The reasons why the Scots voted differently from England are complex. The national political leaders of Scotland did not spend day after day, month after month, and year after year attempting to persuade their electorate and themselves of something that was manifestly not true, namely, that the long shadow of the Great Recession that has fallen across Britain and the omnipresent evidence of shattered communities has everything to do with immigration and nothing to do with government austerity measures. Scots knew this wasn’t true because their country requires more immigration in order to thrive economically. The rise of the Scottish Nationalist Party has worked consistently in tandem with the consolidation and extremity of Tory Austerity and radical policies on schools and hospitals down south. The Brexit referendum was lost, in a sense, when English voters bought in to the deceptive Tory picture of austerity as the essence of a successful “long-term economic plan” offered in the general election of 2015. Now the UK risks losing Scotland, a potential outcome laden with historical irony, since it would be an own-goal of self-dismemberment done in the name of sovereignty. Cameron did not invent the Americanization of Facts, of course, but in another irony of history his government was broken by the very same post-truth forces it helped to mainstream.

“Works for Me” – but is the bigger product that’s for sale here, the world system of global neoliberalism, really working at this stage? If the proverbial pie cannot grow any more, then some will feel that fighting for what’s left is inevitable. Like those dogs that were given shocks in a random order in a well-known psychological experiment, we have begun to bite one another in what the researchers called “learned helplessness.” Over the foreseeable future, it appears that there will be a lot of people calling for a lot of other people’s heads, infighting, chaos, mass violence, the reinventing of various ideological wheels and the purveying of political snake oil – a sort of addled and terrifying early 1970s vibe. (“We blew it,” said Captain America in 1969’s Easy Rider, closing one decade’s hopes and opening another decade’s fears. The line could be the slogan of the 21st century.)

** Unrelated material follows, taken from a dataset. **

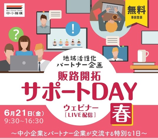 独立行政法人中小企業基盤整備機構(理事長:宮川正 本部:東京都港区)は、より多くの方々に地域活性化パートナー企画を活用していただくため、地域活性化パートナー企画「販路開拓サポートDAY 春」を6月21日(金曜)にオンラインで開催します。

In the midst of an era that all too often feels like a bad dream, a call for a return to empiricism is a reasonable stance. But I also think it’s worth at least considering following the instructions of the Slimfast commercial literally and to the letter, ignoring its sick emphasis on physical weight, fully embracing its upside-down logic, and attempting to radicalize the peculiar subjectivism of its goofy inner message. If you’re younger and out of a career, try and find out what works for you, not what works for them: volunteer teaching, street art, poetry, documentary film, cabaret, nonprofit publishing, religious vocation, charity shop hours, street gardening, environmental activism, racial justice, feminism, beekeeping, child-rearing, scholarship, music, sustainable farming. There are so many paths that lead away from the mazes of the cultural obsessions with money, power, and physical beauty, of the Trump/Murdoch mercantile logic of “#winning” that dominates Anglophone culture. If we must really live through their post-truth era, then surely we can choose to believe whatever we wish, no matter how utopian, irrational, and unrealistic. This liberation is fictional, of course, like the search for virtual Pokemon in real spaces, but that doesn’t stop it from being good fun. It can happen anywhere – it might happen everywhere – and Britain would be as good a place as any in which to begin this mild-mannered revolution.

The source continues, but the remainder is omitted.